Segment Open
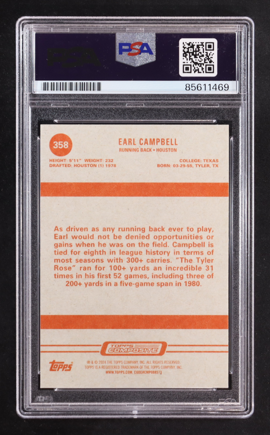 Earl Campbell Signed 2023 Topps Composite #358 Heritage (PSA Encapsulated)
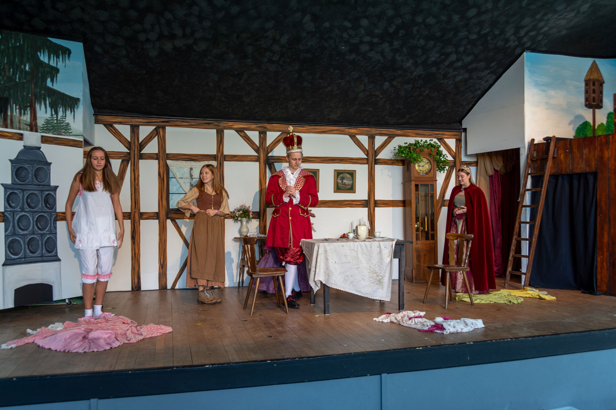 Das Stück sei so besonders weil es keine Haupt- und Nebenrollen gibt, sondern wirklich jeder eine wichtige Rolle im Stück einnimmt. Insgesamt steht eine bunt gemischte Truppe zwischen 15 und 32 Jahren bei dem Stück auf der Bühne. Wenn Not am Mann ist, wird eine Lösung gefunden: „Unsere Magd zum Beispiel übernimmt mal kurz vier Prinzessinnen auf einmal beim Ball. Und König und Königin werden zum Baum umfunktioniert. Aus vermeintlich kleinen Sprechrollen werden wichtige Funktionen welche unser Stück so einzigartig machen“, freut sich Zina. Das ist vor allem deshalb möglich, weil bei dem Stück eingefleischte Theater-Kids mit einigen Jahren Theater-Erfahrung auf der Bühne stehen. Da kommt es schon einmal vor, dass ein Satz spontan umformuliert wird, weil er sich dann besser anhört. Texthänger gibt es bei den Proben natürlich auch hin und wieder. Ganz Profi werden diese aber überspielt und mit Improvisation wett gemacht. Extra Training ist da gar nicht notwendig. Und trotz der zeitintensiven Probenphase kommt die Schule bei den Teenagern nicht zu kurz: Geprobt wird immer am Wochenende.
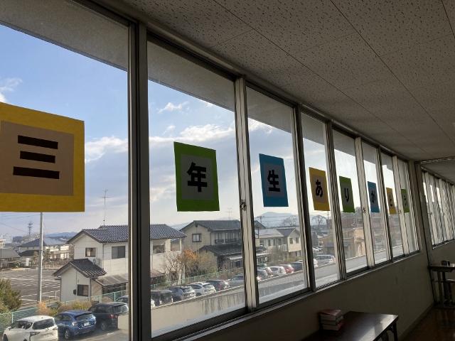3年生の卒業を間近に控えた今週、3年生の各クラスの廊下に、在校生からの3年生の先輩方への感謝に気持ちを込めたメッセージが掲示されました。
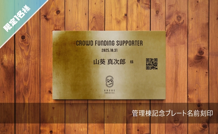管理棟の定礎プレートやキャンプ場のメイン看板に、支援者様のお名前を特別に刻む権利を1名様限定でご提供します。
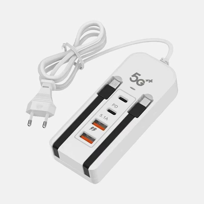 Універсальний зарядний пристрій 20W з вбудованими кабелями Type-C та Lightning + мережева зарядка 2USB та 2PD
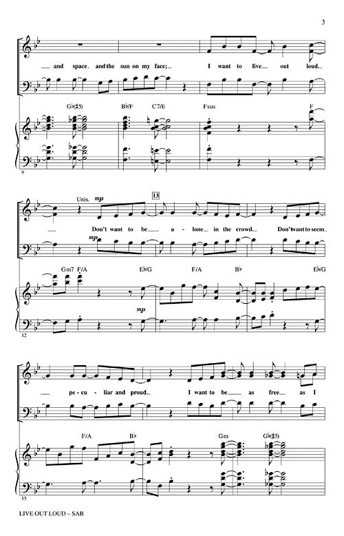 Andrew Lippa's exuberant and buoyant song from A Little Princess makes a delightful showcase for all types of choral groups. Full of joy and energy, the song makes an ideal addition to graduation and many other programs. Available separately: SATB, SAB, SSA, ShowTrax CD. Duration: ca. 3:04
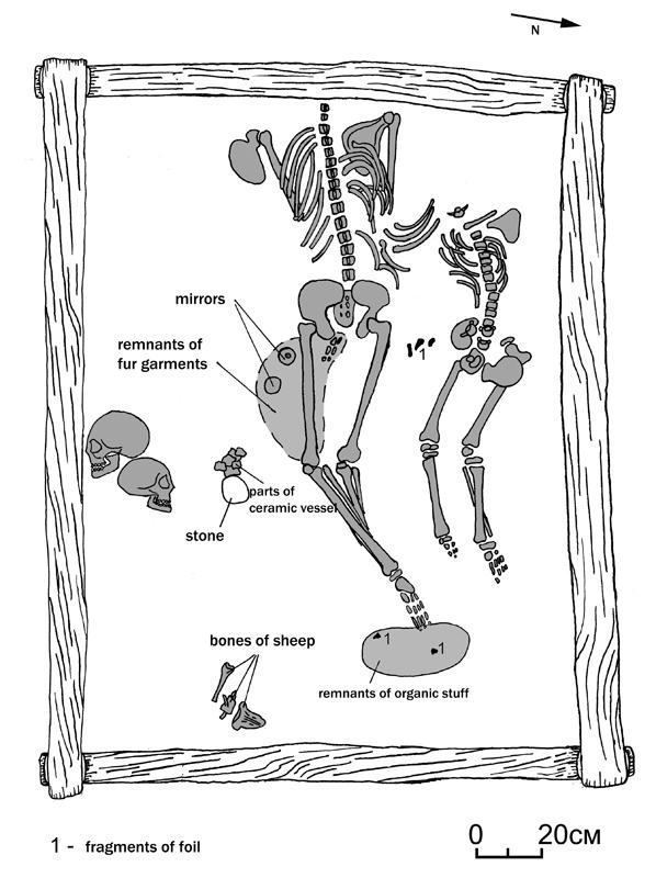 Ngôi mộ được phát hiện có niên đại cách đây khoảng 2.500 năm. Bên trong là hài cốt của một phụ nữ và một đứa trẻ. Cả hai mẹ con đều mặc áo lông thú dát vàng nhưng không có phần đầu.
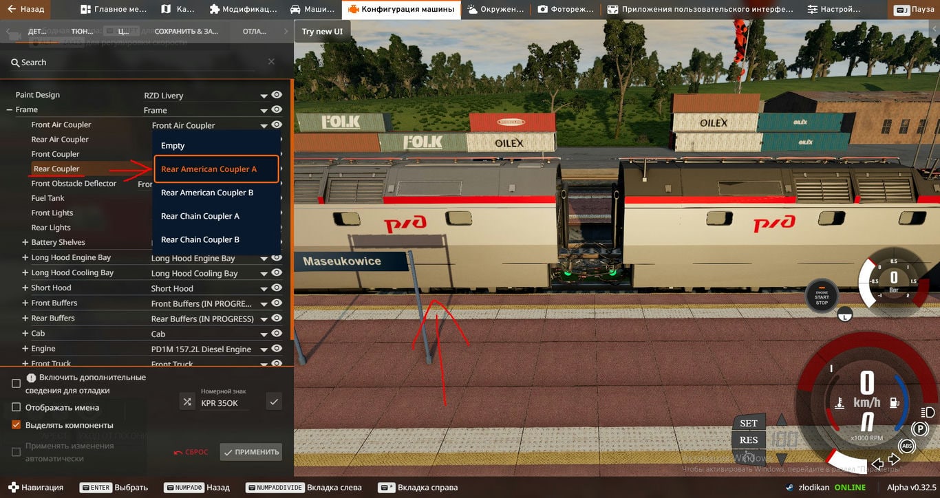 To pair one locomotive with another, create a second one and change the rear American hitch B to the rear American hitch A, press L on the main engine and reverse until the green circle disappears. In the linked state, it should look like in the last screenshot.
Segment Closed
Assigned task – Repeat verbatim the range of lines that opens at the line containing "Ngôi mộ được" and closes at the last line of the entries, excluding all pictures.

Finished exercise –
 Ngôi mộ được phát hiện có niên đại cách đây khoảng 2.500 năm. Bên trong là hài cốt của một phụ nữ và một đứa trẻ. Cả hai mẹ con đều mặc áo lông thú dát vàng nhưng không có phần đầu.
 To pair one locomotive with another, create a second one and change the rear American hitch B to the rear American hitch A, press L on the main engine and reverse until the green circle disappears. In the linked state, it should look like in the last screenshot.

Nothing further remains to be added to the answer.